Infrastructure—another obstacle to data management is the likely absence of infrastructure, including interoperability standards, that is required. It is not unreasonable to claim that the pursuit of Open Data has been motivated by the success of the Open Access initiative and whereas the infrastructure and workflows for the latter have been established over many hundreds of years, data management infrastructures and workflows are only just emerging. Thus, while expectations of the benefits arising from improved data management are high, much work is required to establish a robust infrastructure on which to build a vibrant data management ecosystem. In turn, the time and effort needed to realise such an infrastructure risks losing momentum and enthusiasm. Furthermore, even with the establishment of a robust infrastructure, until the various scientific disciplines have developed the data technologies (i.e., interoperability standards) required for seamless data exchange and aggregation, data gathering tasks will remain a significant burden that detracts from rather than contributes to the research process.
Project coordination—perhaps of most immediate concern are the practical problems the authors have encountered relating to resourcing and coordination. When drafting a proposal, there is the risk that consortia pay insufficient attention to the DMP and data management. This circumstance is understandable given that investing resources in Open Access and data management could be perceived as detracting from the research. Unfortunately, the outcome is that authoring the DMP (and hence formulating the data management policy) is often left to a single partner. Thereafter, during the project implementation, other partners are unaware of their responsibilities. This circumstance can lead to problems that risk undermining the data management component of a project. Firstly, most of the partners remain unaware of the expected data flow during the project and their role or responsibility in that process, which leads to misunderstandings about the handling of the data during the active phase of the project.

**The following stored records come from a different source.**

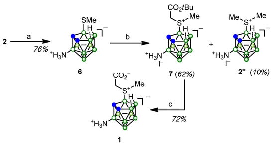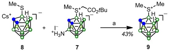 - Zakharova, M.V.; Sivaev, I.B.; Anufriev, S.A.; Timofeev, S.V.; Suponitsky, K.Y.; Godovikov, I.A.; Bregadze, V.I. A new approach to the synthesis of functional derivatives of nido-carborane: Alkylation of [9-MeS-nido-7,8-C2B9H11]−. Dalton Trans. 2014, 43, 5044–5053. [Google Scholar] [CrossRef]
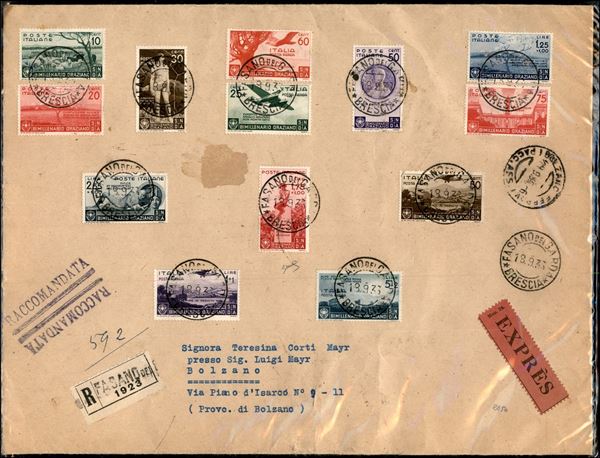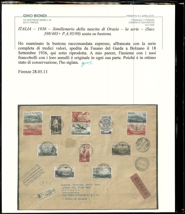 Bustone raccomandato espresso affrancato con serie completa Bimillenario Oraziano (398/405 + 95/99 Aerea) da Fasano del Garda a Bolzano del 18.9.36 - cert. Bioni
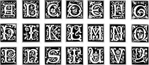 Keywords: monogram set initials alphabet block squares letters decorative capital upper case elegant vintage antique black and white
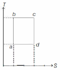 An ideal gas is taken reversibly around the cycle $a-b-c-d-a$ as shown on the temperature $T$ - entropy $S$ diagram. The most appropriate representation of above cycle on a internal energy $U$ - volume $V$ diagram is
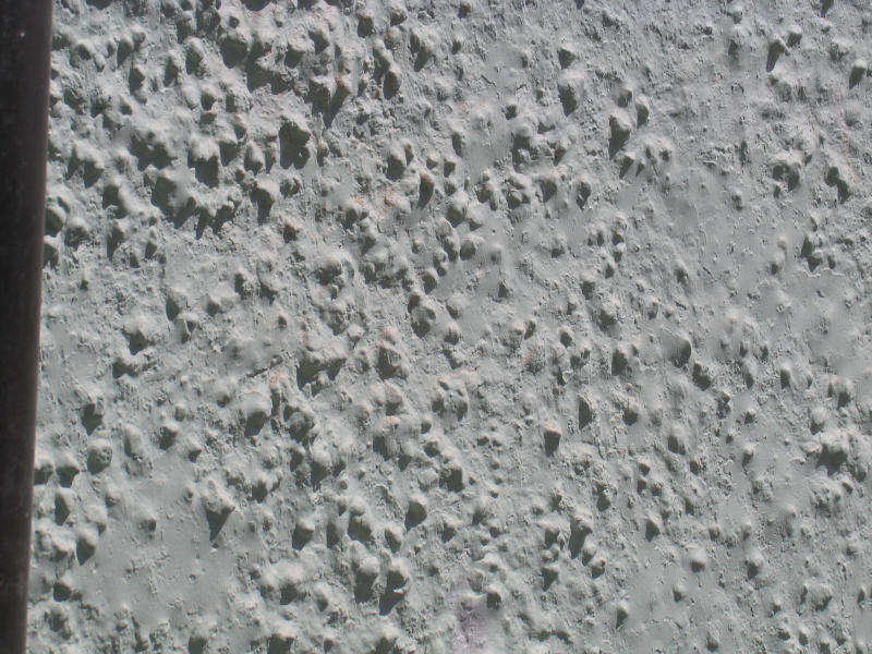 It is a lime based render (possibly gauged with OPC) over the top of a very hard base coat. Over the last 90+ years, it has been painted with an assortment of finishes, including stuff like Sandtex. Large patches have fallen off on one wall, and other areas sounded hollow...0
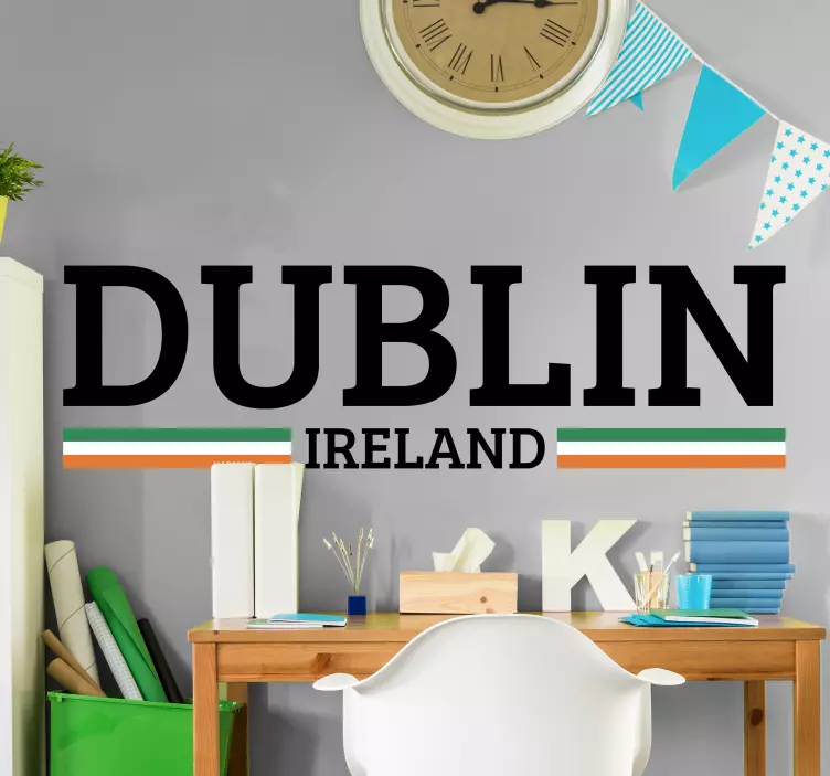 The Dublin Ireland Wall Sticker features the inscription of Dublin with its country flag color stripes. This simple and lovely country wall sticker is perfect for any space, including living rooms, bedrooms, offices, and businesses.
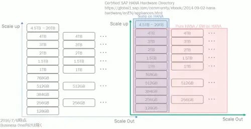 また、Pure HANAおよびBW on HANA用途の場合、CPU1coreあたりのメモリーサイズ制限により、4TB以上はScale Outでの構成となります。
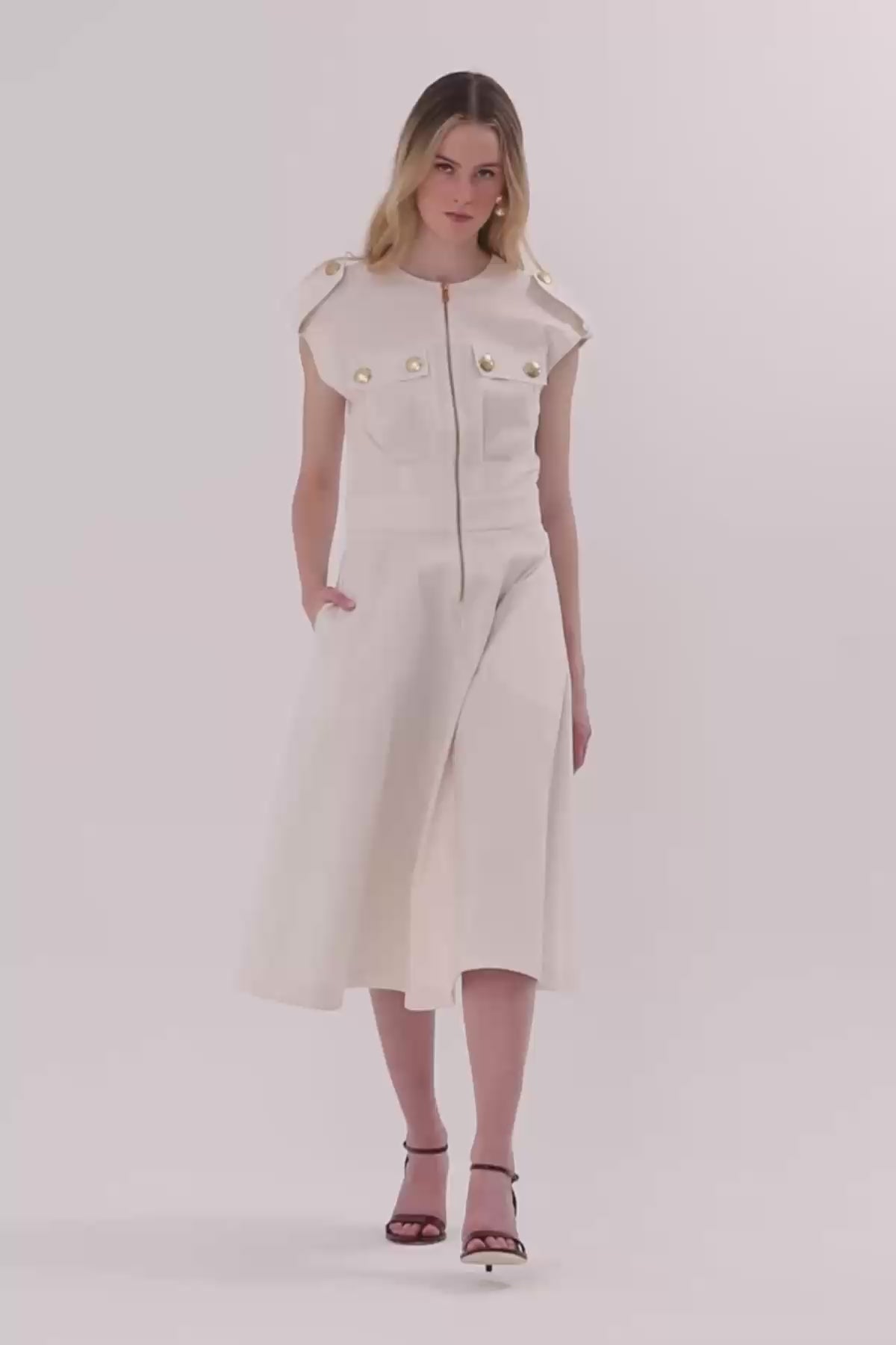 Ecru Midi Dress with Shoulder Epaulets
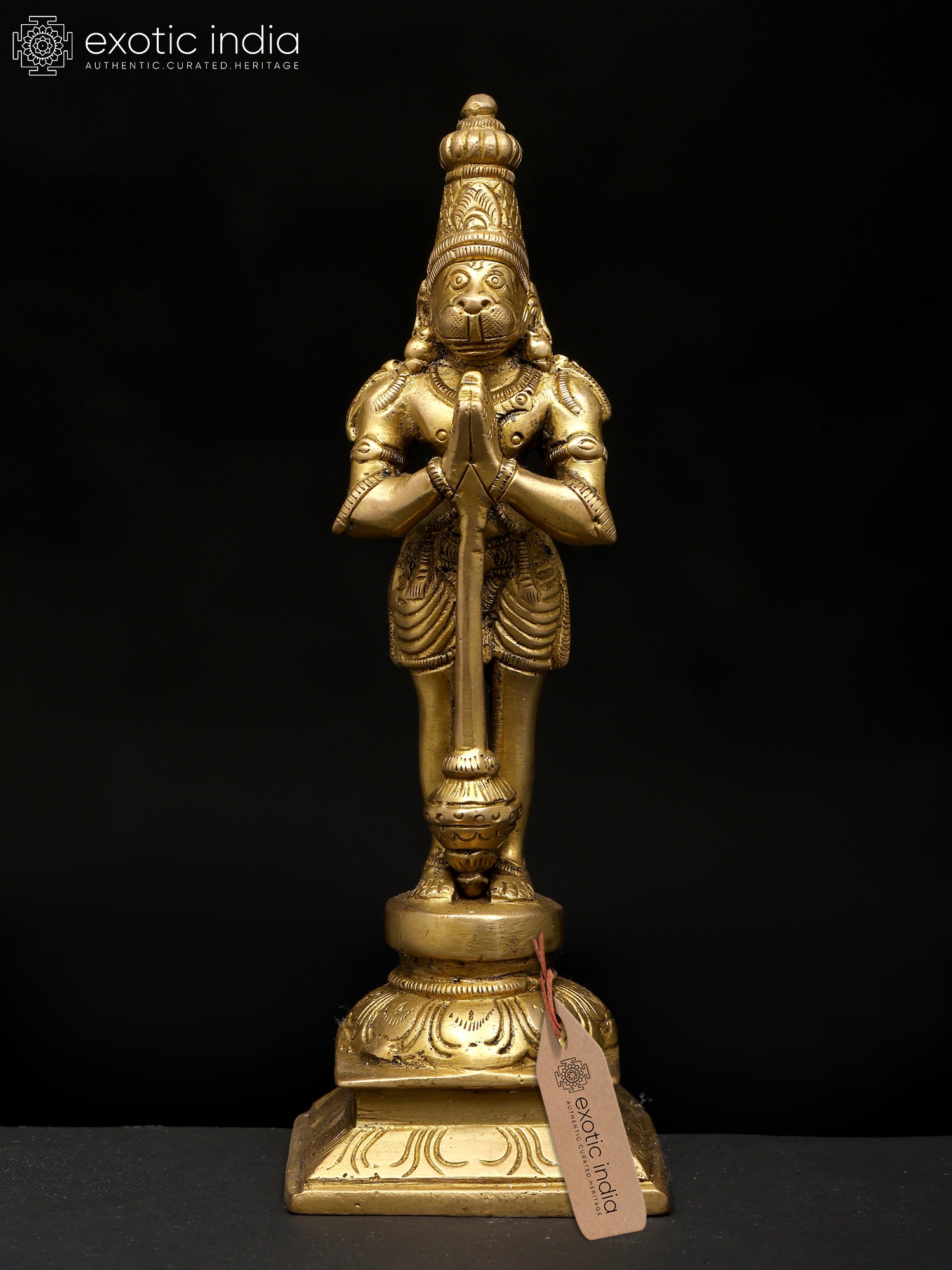 12" Superfine Standing Bajarangabali Hanuman in Blessing Gesture | Brass Statue
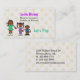 Whimsical mommy play date calling card, done in a light tan and ivory polka dot pattern. Cartoon graphics of three dark skin kids, in colorful clothing, decorates the bottom left. Personalize the text, on the front and back, for yourself, as a mommy card, or for your child. Great way to stay in touch with other moms and arrange play dates, birthday parties, and baby sitting co-ops.
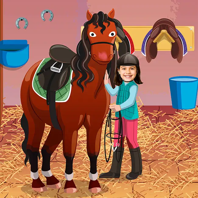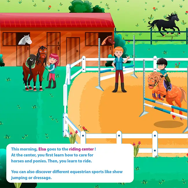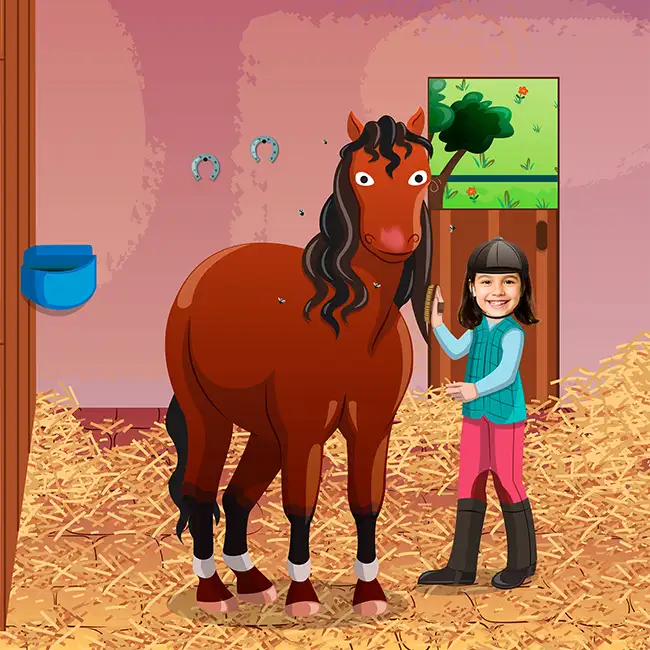 In At the Equestrian Centre, your child spends a full day among horses and ponies. The stalls need cleaning, the horses need brushing, the ponies need feeding... And with help from the instructor, she learns jumping and cantering to become a true rider. Her name and her face appear on every page of the adventure.
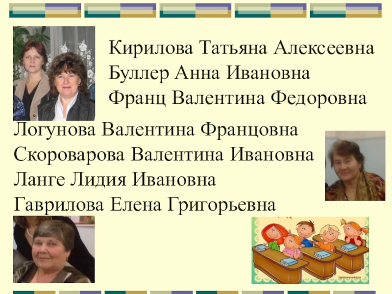 Кирилова Татьяна АлексеевнаБуллер Анна ИвановнаФранц Валентина ФедоровнаЛогунова Валентина ФранцовнаСкороварова Валентина ИвановнаЛанге Лидия ИвановнаГаврилова Елена Григорьевна
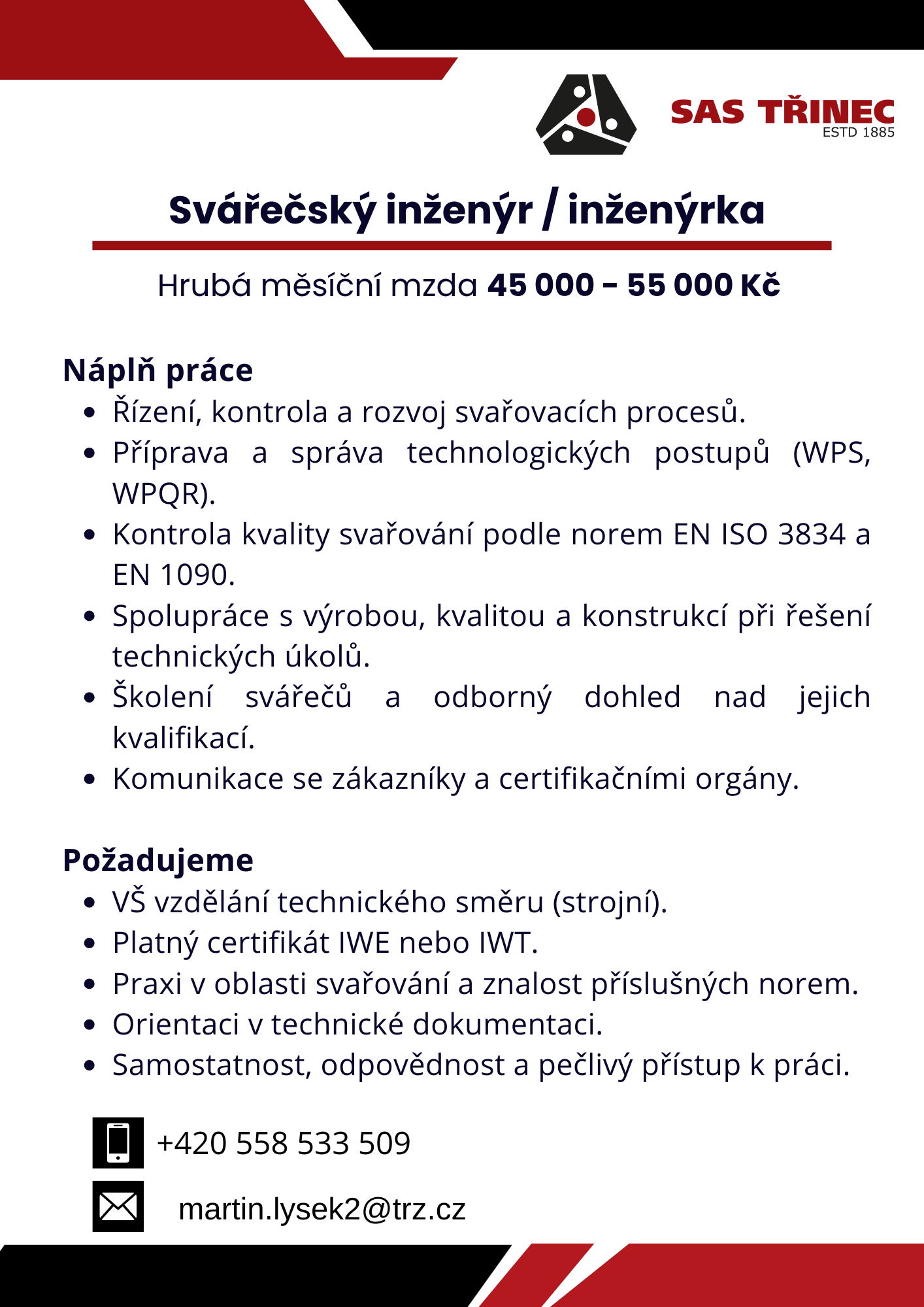 Volná pracovní místa Spolupráce se školami Benefity Strojírny a stavby Třinec, a.s. nabízí volná pracovní místa:

Second, the resources allocated to DMP tasks are often insufficient to account for the person months and infrastructure needed for their implementation. As a result, partners may find themselves lacking the necessary resources to cover the data management activities throughout the term of the project. The authoring of the DMP by a single partner also risks misunderstanding about the data to be shared between project partners, as well as the expected data quality. In addition, if data are not handled in a standardised way, sharing among the partners will be difficult, resulting in ineffective use of resources and delay the outcome of the research.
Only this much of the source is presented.